Nothing in the records below should be altered in the copy, although the pictures must be left out.

Stored data entries:
▬▬▬
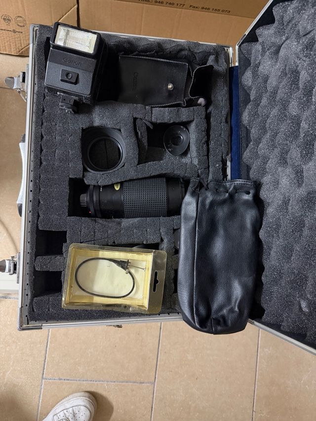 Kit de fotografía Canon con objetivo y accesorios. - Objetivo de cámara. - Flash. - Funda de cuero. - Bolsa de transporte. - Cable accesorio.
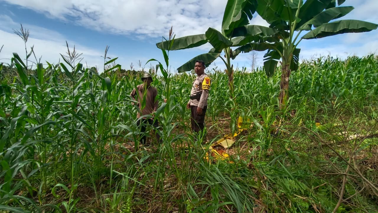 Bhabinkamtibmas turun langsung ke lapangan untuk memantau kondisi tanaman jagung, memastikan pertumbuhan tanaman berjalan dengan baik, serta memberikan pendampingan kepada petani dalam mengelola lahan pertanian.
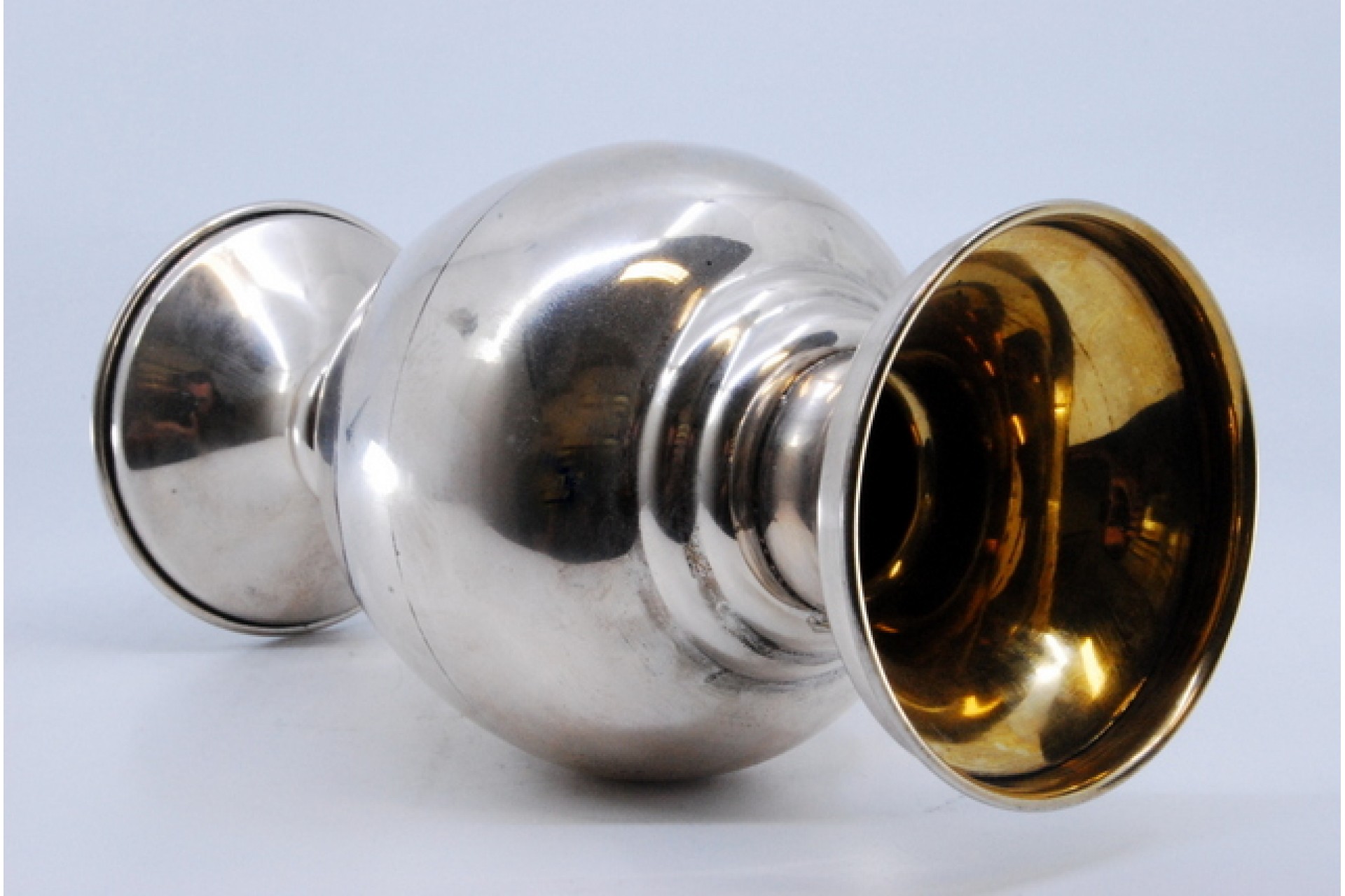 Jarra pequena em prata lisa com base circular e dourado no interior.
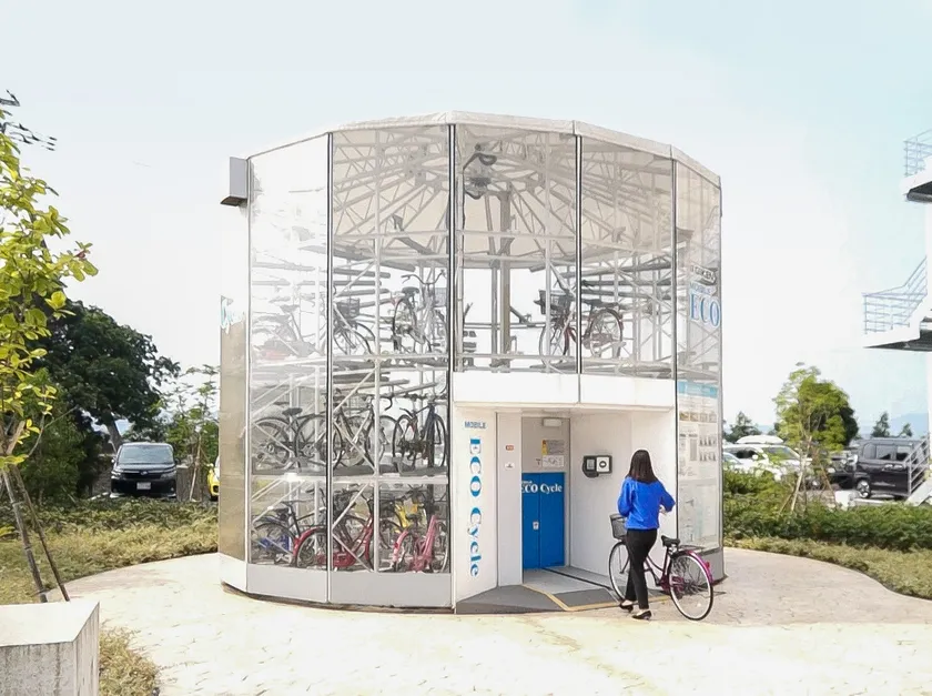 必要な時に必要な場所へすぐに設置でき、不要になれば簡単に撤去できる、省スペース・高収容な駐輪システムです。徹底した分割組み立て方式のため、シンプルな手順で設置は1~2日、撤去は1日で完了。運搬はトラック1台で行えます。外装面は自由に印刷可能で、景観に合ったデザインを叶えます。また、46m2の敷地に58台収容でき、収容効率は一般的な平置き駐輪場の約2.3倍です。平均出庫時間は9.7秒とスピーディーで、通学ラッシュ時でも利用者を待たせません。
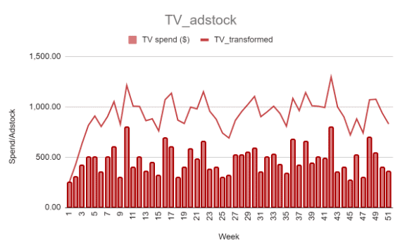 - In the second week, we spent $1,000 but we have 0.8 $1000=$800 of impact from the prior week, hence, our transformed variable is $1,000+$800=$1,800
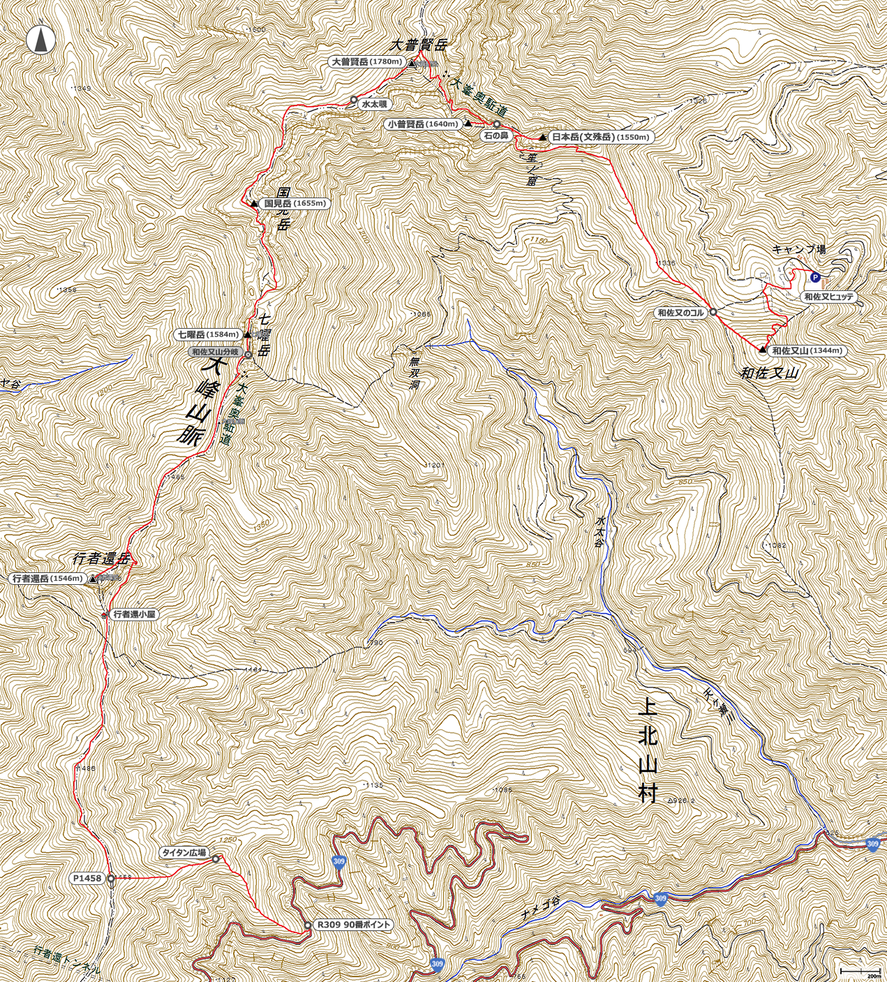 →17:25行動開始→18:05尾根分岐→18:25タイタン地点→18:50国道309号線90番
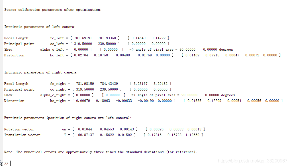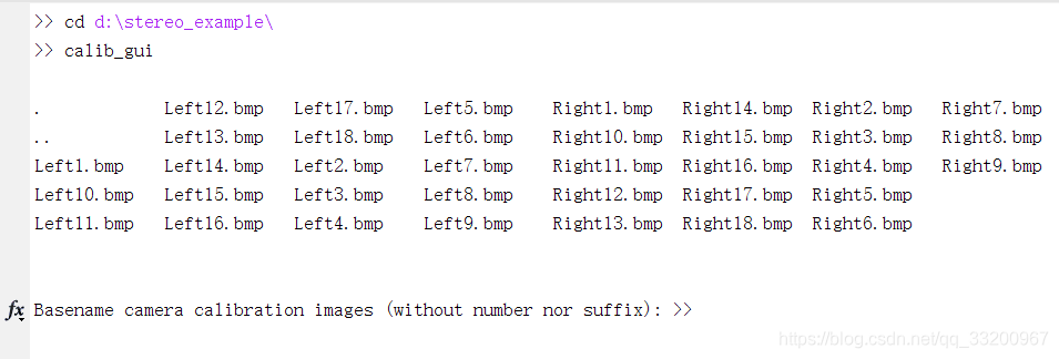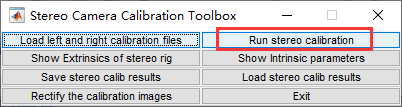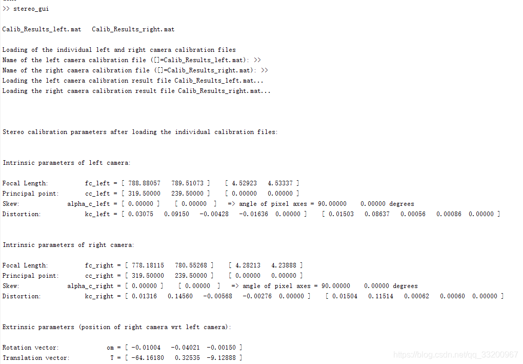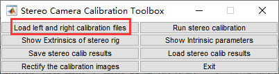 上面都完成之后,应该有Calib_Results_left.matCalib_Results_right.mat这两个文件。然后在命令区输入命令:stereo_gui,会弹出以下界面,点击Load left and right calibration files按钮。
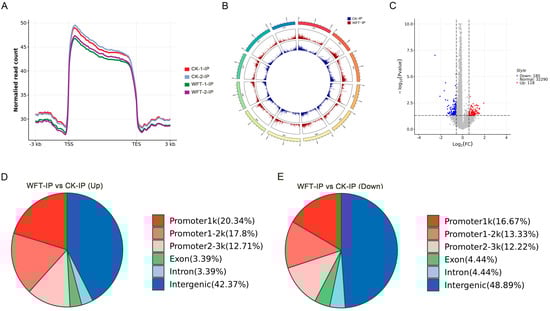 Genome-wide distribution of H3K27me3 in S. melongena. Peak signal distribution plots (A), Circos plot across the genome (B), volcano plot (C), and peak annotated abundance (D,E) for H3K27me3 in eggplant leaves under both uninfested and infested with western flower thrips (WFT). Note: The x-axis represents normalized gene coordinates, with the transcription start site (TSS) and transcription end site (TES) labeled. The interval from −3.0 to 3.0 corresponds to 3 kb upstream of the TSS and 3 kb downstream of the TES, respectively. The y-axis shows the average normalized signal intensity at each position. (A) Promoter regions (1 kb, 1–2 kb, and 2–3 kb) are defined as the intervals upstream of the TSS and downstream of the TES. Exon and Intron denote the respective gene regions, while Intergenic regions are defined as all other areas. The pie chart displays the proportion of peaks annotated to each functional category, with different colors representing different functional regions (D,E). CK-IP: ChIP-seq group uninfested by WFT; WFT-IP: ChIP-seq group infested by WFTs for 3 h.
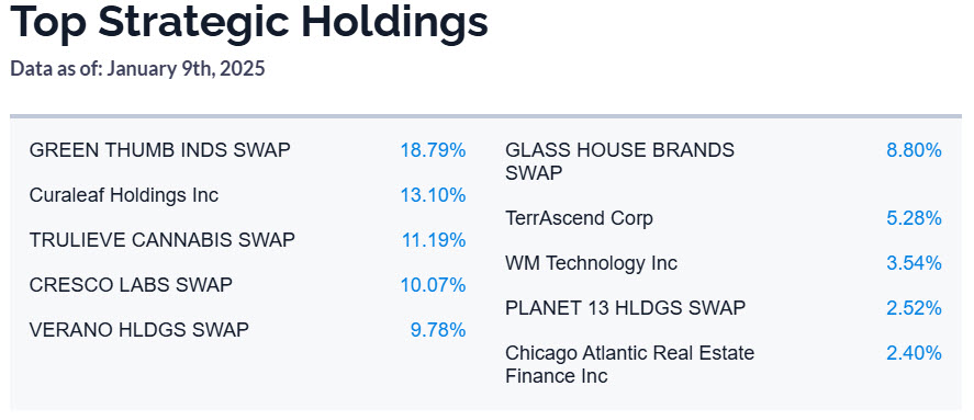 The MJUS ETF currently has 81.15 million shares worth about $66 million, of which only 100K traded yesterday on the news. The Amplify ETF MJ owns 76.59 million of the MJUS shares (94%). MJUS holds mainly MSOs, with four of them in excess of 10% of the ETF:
▬▬▬
SOLUTION TO THE PROBLEM
 Kit de fotografía Canon con objetivo y accesorios. - Objetivo de cámara. - Flash. - Funda de cuero. - Bolsa de transporte. - Cable accesorio.
 Bhabinkamtibmas turun langsung ke lapangan untuk memantau kondisi tanaman jagung, memastikan pertumbuhan tanaman berjalan dengan baik, serta memberikan pendampingan kepada petani dalam mengelola lahan pertanian.
 Jarra pequena em prata lisa com base circular e dourado no interior.
 必要な時に必要な場所へすぐに設置でき、不要になれば簡単に撤去できる、省スペース・高収容な駐輪システムです。徹底した分割組み立て方式のため、シンプルな手順で設置は1~2日、撤去は1日で完了。運搬はトラック1台で行えます。外装面は自由に印刷可能で、景観に合ったデザインを叶えます。また、46m2の敷地に58台収容でき、収容効率は一般的な平置き駐輪場の約2.3倍です。平均出庫時間は9.7秒とスピーディーで、通学ラッシュ時でも利用者を待たせません。
 - In the second week, we spent $1,000 but we have 0.8 $1000=$800 of impact from the prior week, hence, our transformed variable is $1,000+$800=$1,800
 →17:25行動開始→18:05尾根分岐→18:25タイタン地点→18:50国道309号線90番
 上面都完成之后,应该有Calib_Results_left.matCalib_Results_right.mat这两个文件。然后在命令区输入命令:stereo_gui,会弹出以下界面,点击Load left and right calibration files按钮。
 Genome-wide distribution of H3K27me3 in S. melongena. Peak signal distribution plots (A), Circos plot across the genome (B), volcano plot (C), and peak annotated abundance (D,E) for H3K27me3 in eggplant leaves under both uninfested and infested with western flower thrips (WFT). Note: The x-axis represents normalized gene coordinates, with the transcription start site (TSS) and transcription end site (TES) labeled. The interval from −3.0 to 3.0 corresponds to 3 kb upstream of the TSS and 3 kb downstream of the TES, respectively. The y-axis shows the average normalized signal intensity at each position. (A) Promoter regions (1 kb, 1–2 kb, and 2–3 kb) are defined as the intervals upstream of the TSS and downstream of the TES. Exon and Intron denote the respective gene regions, while Intergenic regions are defined as all other areas. The pie chart displays the proportion of peaks annotated to each functional category, with different colors representing different functional regions (D,E). CK-IP: ChIP-seq group uninfested by WFT; WFT-IP: ChIP-seq group infested by WFTs for 3 h.
 The MJUS ETF currently has 81.15 million shares worth about $66 million, of which only 100K traded yesterday on the news. The Amplify ETF MJ owns 76.59 million of the MJUS shares (94%). MJUS holds mainly MSOs, with four of them in excess of 10% of the ETF:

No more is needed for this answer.